Segment Open
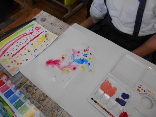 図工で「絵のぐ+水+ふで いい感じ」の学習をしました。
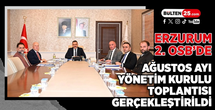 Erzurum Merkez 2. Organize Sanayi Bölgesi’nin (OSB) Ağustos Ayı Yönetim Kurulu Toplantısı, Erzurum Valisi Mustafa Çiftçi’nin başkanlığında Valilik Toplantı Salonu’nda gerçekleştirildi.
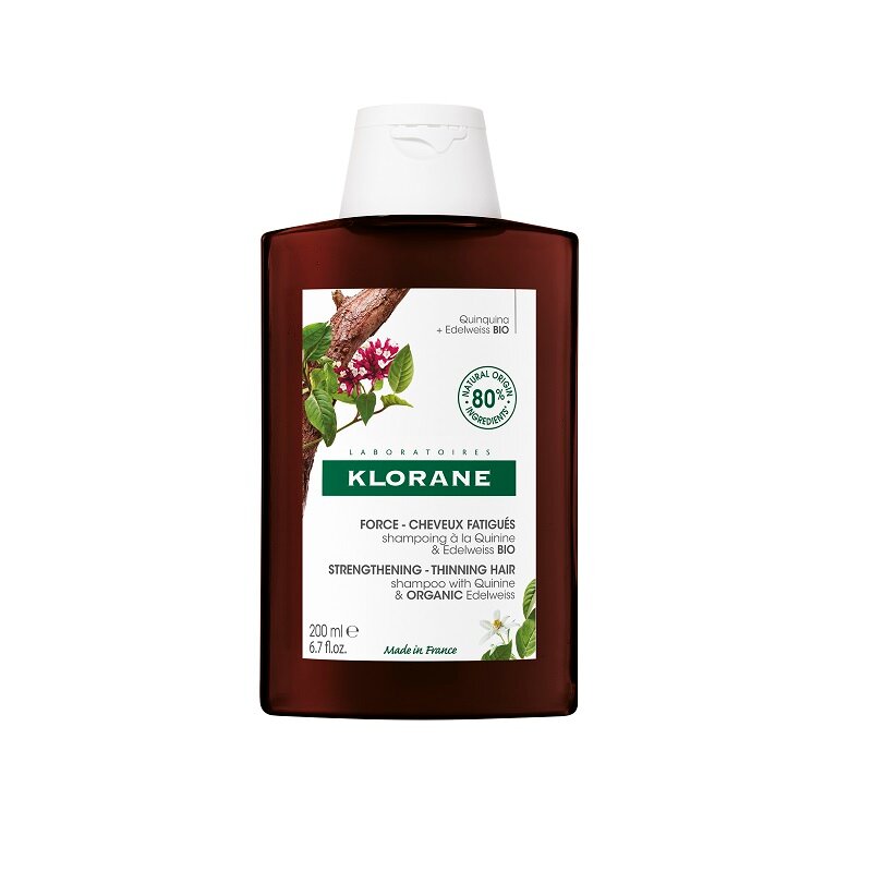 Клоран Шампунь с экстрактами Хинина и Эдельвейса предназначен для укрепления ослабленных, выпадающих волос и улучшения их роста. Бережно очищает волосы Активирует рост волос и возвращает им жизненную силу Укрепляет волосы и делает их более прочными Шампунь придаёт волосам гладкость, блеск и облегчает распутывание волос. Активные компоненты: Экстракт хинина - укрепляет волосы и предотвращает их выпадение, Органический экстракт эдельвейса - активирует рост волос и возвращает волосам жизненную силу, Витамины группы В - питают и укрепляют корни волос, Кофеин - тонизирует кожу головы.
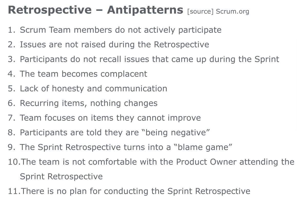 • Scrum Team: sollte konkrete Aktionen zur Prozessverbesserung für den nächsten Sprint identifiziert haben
Segment Closed
Segment Open
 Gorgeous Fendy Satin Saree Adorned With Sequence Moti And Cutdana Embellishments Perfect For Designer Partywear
Segment Closed
Exercise details: Precisely those lines above that run from the line with "図工で「絵のぐ+水+ふで いい感じ」の学習をしました。" up to and including the line with "Erzurum Merkez 2." are to be set down, with the pictures omitted.

Answer to the problem:
 図工で「絵のぐ+水+ふで いい感じ」の学習をしました。
 Erzurum Merkez 2. Organize Sanayi Bölgesi’nin (OSB) Ağustos Ayı Yönetim Kurulu Toplantısı, Erzurum Valisi Mustafa Çiftçi’nin başkanlığında Valilik Toplantı Salonu’nda gerçekleştirildi.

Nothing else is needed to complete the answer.